クラッキングされたWebサイトの応急処置をしました

プログラマとして同じ攻撃に合う人が一人でも減るように、書き残しておきます。 知り合いのサイトが破壊されていました。 ハッキングというとエンジニアに突っ込まれるので以降クラッキングと呼びます。 技術者以外の方にもぜひ読んでほしいので専門用語は補足するつもりです。

セキュリティに詳しい方へ、筆者は未熟なエンジニアです。 ご意見いただけると筆者は喜びます。その際はできる限り優しくお願いします。

アクセスできないことが発覚


平日の午前0時。 自分のブログのついでに知り合いのサイトも正常稼働しているか確認するためアクセス。 以前wordpressの更新を行った際に一部のページにアクセスできなくなったことがあり、ときどき気にかけていました。

やけに読み込みが遅く、嫌な予感が。 表示されたのは「500 Internet Server Error」でした。(httpステータスコードの意味はこちら)

管理者に最近更新を行ったか確認しましたが、手動ではプラグイン等の更新を行っていないとのこと。 自動的に更新をかけるようなプラグインがあったら作動している可能性があるかもしれないということで プラグインのせいにしてその日は就寝しました。

FTPからファイルの状況を調査


翌朝、職場の休憩時間を利用して調査を行うことにしました。(良い子は仕事しよう。) ドメインにアクセスすると500エラーで入れないのだからwordpressの管理画面にも入れない。 仕方がないので管理者に許可を取ってFTPアカウントへ入りました。
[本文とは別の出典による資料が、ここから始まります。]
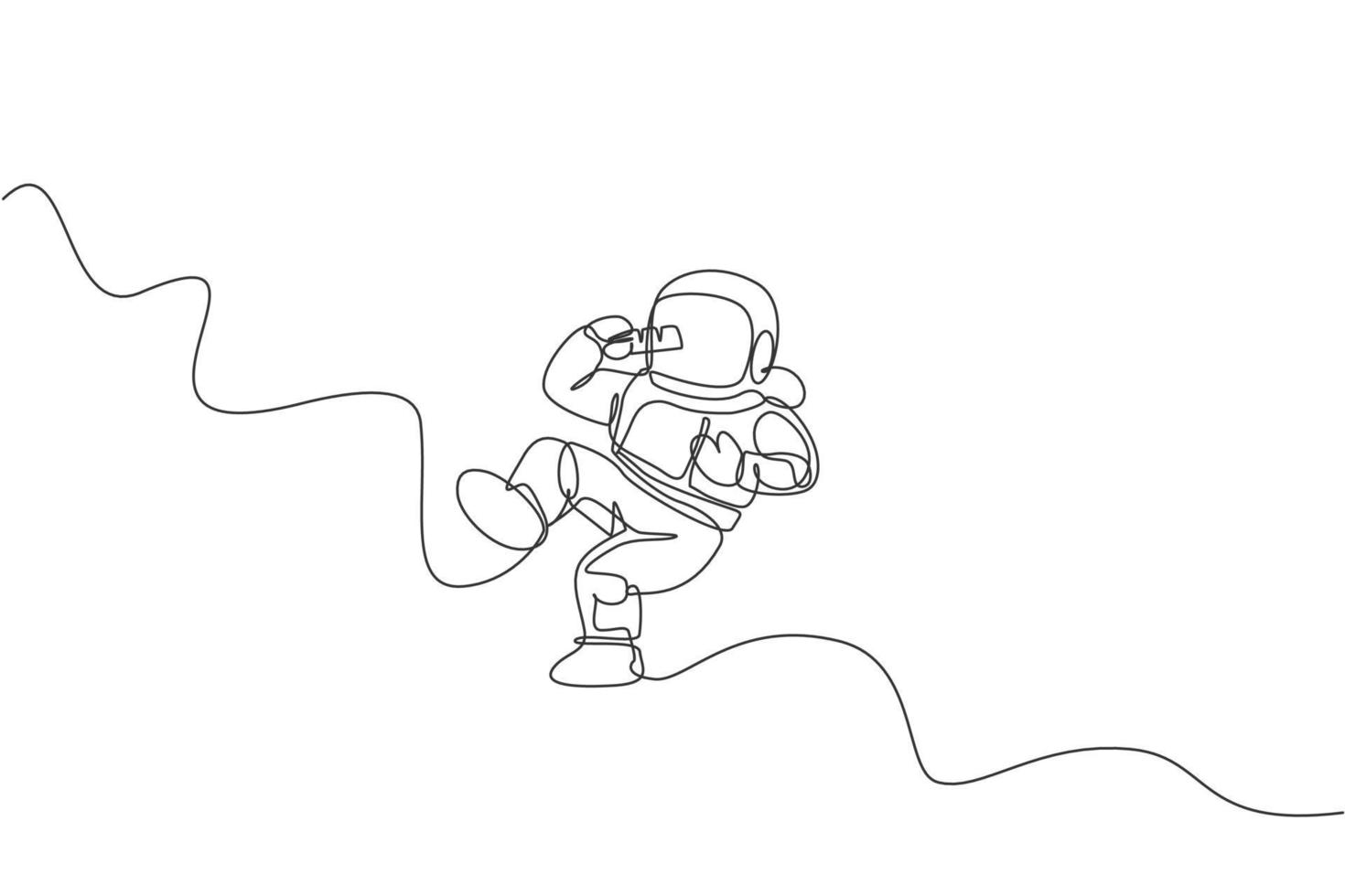 One continuous line drawing of cosmonaut eating sweet milk chocolate bar in galactic universe. Fantasy outer space astronaut life concept. Dynamic single line draw graphic design vector illustration Pro Vector

サーバーに存在するファイルを読むことでwebサイトは表示されます。友達の部屋に行って本を読ませてもらう、というイメージの行為を機械(PCやスマホ)に命令しています。私が入ったFTPアカウントとはサーバーに存在するファイルの束をWindowsのエクスプローラーを見るように操作できるサーバーの管理画面のことを指します。 (FTPについて詳しく知りたい方は【入門】FTPとは?通信・ソフトについて分かりやすく解説します | カゴヤのサーバー研究室を参照してください。)

FTPアカウントに入ってすぐに異変に気付きました。 全てではないにしろ多くのファイルが前日のAM8:58のタイムスタンプで上書きされていました。

何が起きたのか詳しく調査するためwordpressのデバッグ機能をONにしたいところですよね。 しかし調査している端末は自宅のPCではなくスマホ。 気付いたところでファイルの内容を編集をするのは途方もない作業でした。

Google Search Consoleの権限を管理者から受け取っていなかったため、レンタルサーバーのアクセスログを確認。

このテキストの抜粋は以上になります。